* _Exercise instructions_
Transcribe the entries below word for word, beginning at the line with "(a)—Cathodoluminescence (CL) images" and stopping after the line with "Standing tall with"; drop all pictures.

* _Recorded data_
════

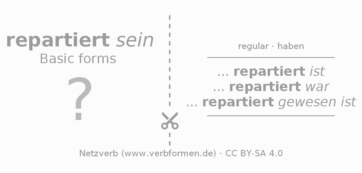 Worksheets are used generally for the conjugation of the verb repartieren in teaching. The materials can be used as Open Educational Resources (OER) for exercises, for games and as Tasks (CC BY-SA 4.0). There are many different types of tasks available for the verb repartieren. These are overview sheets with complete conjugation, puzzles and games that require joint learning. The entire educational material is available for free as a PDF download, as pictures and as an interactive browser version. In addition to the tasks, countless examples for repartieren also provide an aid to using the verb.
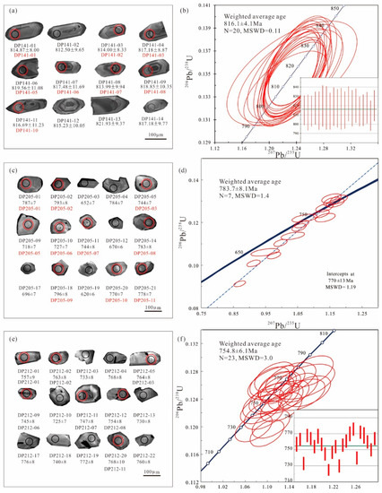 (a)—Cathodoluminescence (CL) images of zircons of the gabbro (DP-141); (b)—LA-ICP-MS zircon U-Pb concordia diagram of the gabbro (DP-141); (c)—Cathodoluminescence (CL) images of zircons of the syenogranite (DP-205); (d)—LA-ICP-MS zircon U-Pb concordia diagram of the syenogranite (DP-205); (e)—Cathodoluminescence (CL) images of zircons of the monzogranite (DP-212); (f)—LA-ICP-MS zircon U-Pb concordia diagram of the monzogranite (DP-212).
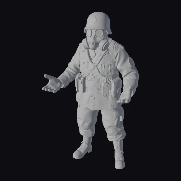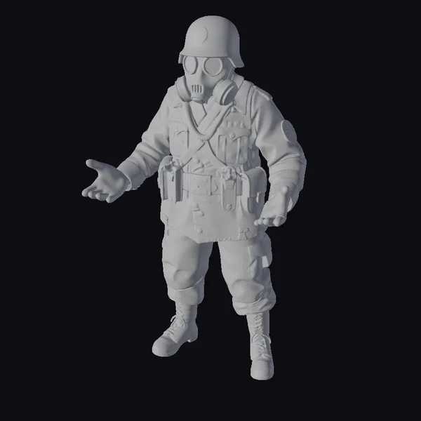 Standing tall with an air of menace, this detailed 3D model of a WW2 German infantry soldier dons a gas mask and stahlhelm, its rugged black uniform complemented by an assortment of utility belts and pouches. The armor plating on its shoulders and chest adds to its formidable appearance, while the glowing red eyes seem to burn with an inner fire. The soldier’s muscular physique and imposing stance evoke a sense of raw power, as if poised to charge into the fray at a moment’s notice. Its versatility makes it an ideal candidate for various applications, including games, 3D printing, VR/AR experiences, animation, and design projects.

════

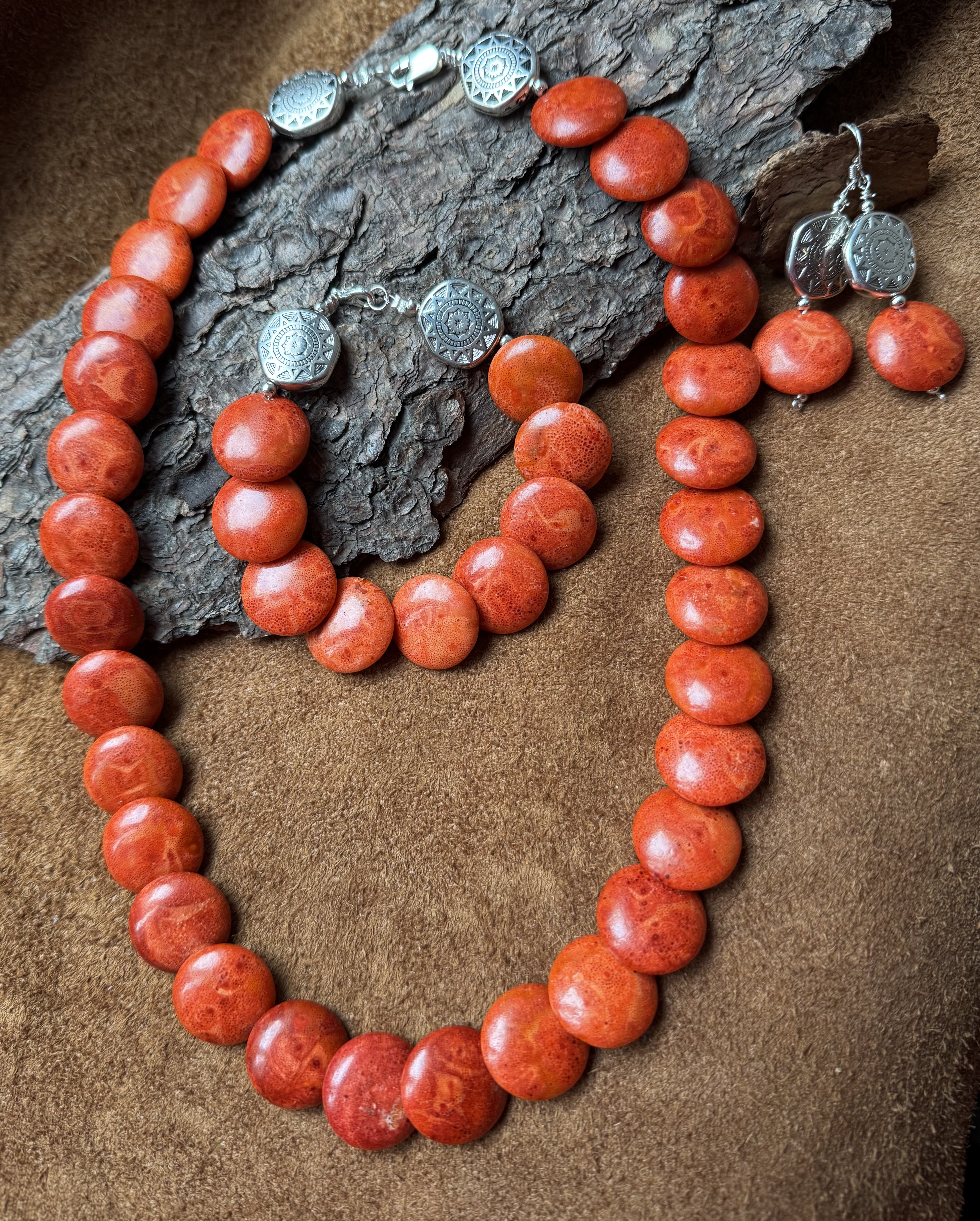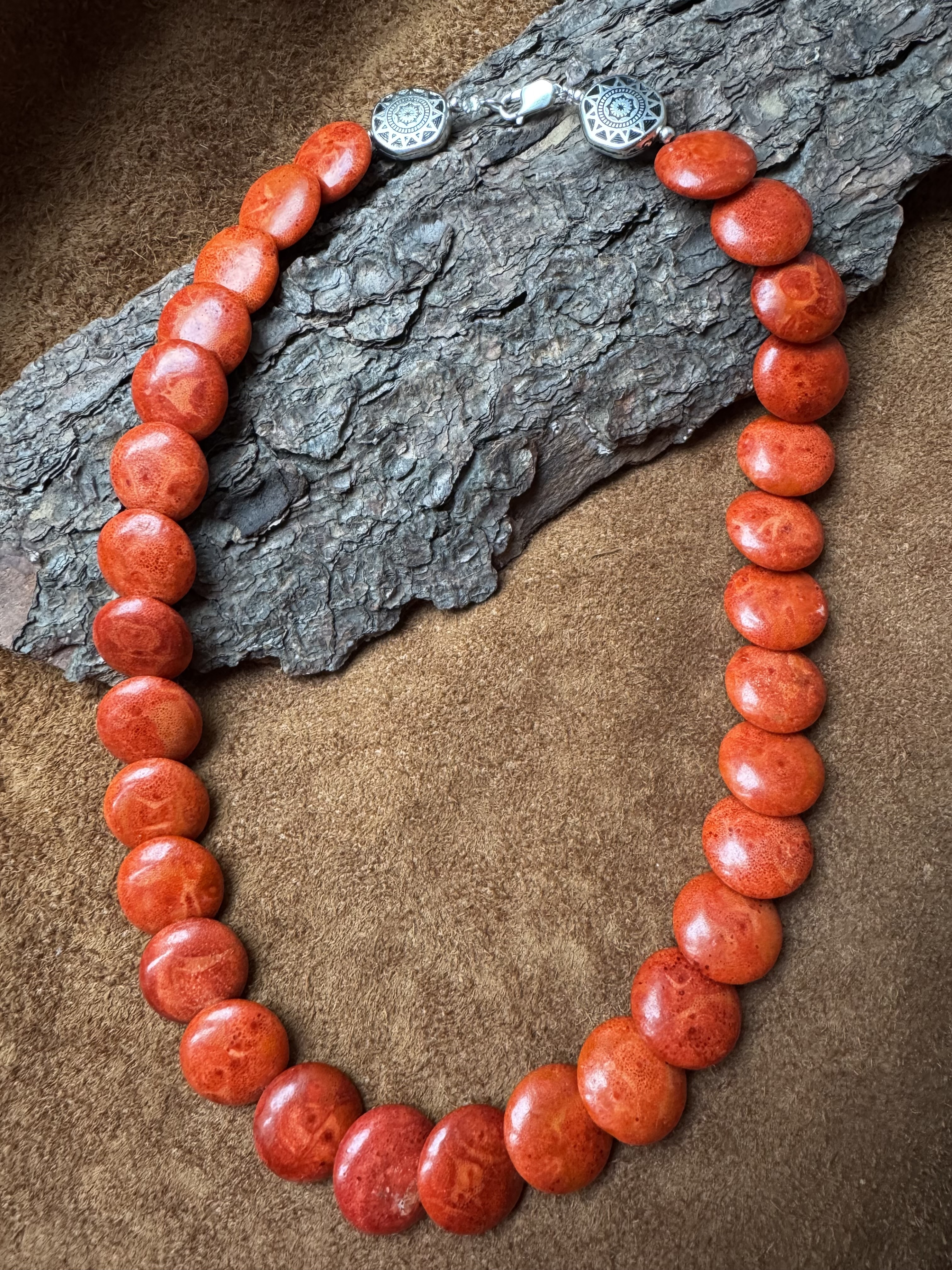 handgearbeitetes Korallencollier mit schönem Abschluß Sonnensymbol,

════

* _Result of this task_
 (a)—Cathodoluminescence (CL) images of zircons of the gabbro (DP-141); (b)—LA-ICP-MS zircon U-Pb concordia diagram of the gabbro (DP-141); (c)—Cathodoluminescence (CL) images of zircons of the syenogranite (DP-205); (d)—LA-ICP-MS zircon U-Pb concordia diagram of the syenogranite (DP-205); (e)—Cathodoluminescence (CL) images of zircons of the monzogranite (DP-212); (f)—LA-ICP-MS zircon U-Pb concordia diagram of the monzogranite (DP-212).
 Standing tall with an air of menace, this detailed 3D model of a WW2 German infantry soldier dons a gas mask and stahlhelm, its rugged black uniform complemented by an assortment of utility belts and pouches. The armor plating on its shoulders and chest adds to its formidable appearance, while the glowing red eyes seem to burn with an inner fire. The soldier’s muscular physique and imposing stance evoke a sense of raw power, as if poised to charge into the fray at a moment’s notice. Its versatility makes it an ideal candidate for various applications, including games, 3D printing, VR/AR experiences, animation, and design projects.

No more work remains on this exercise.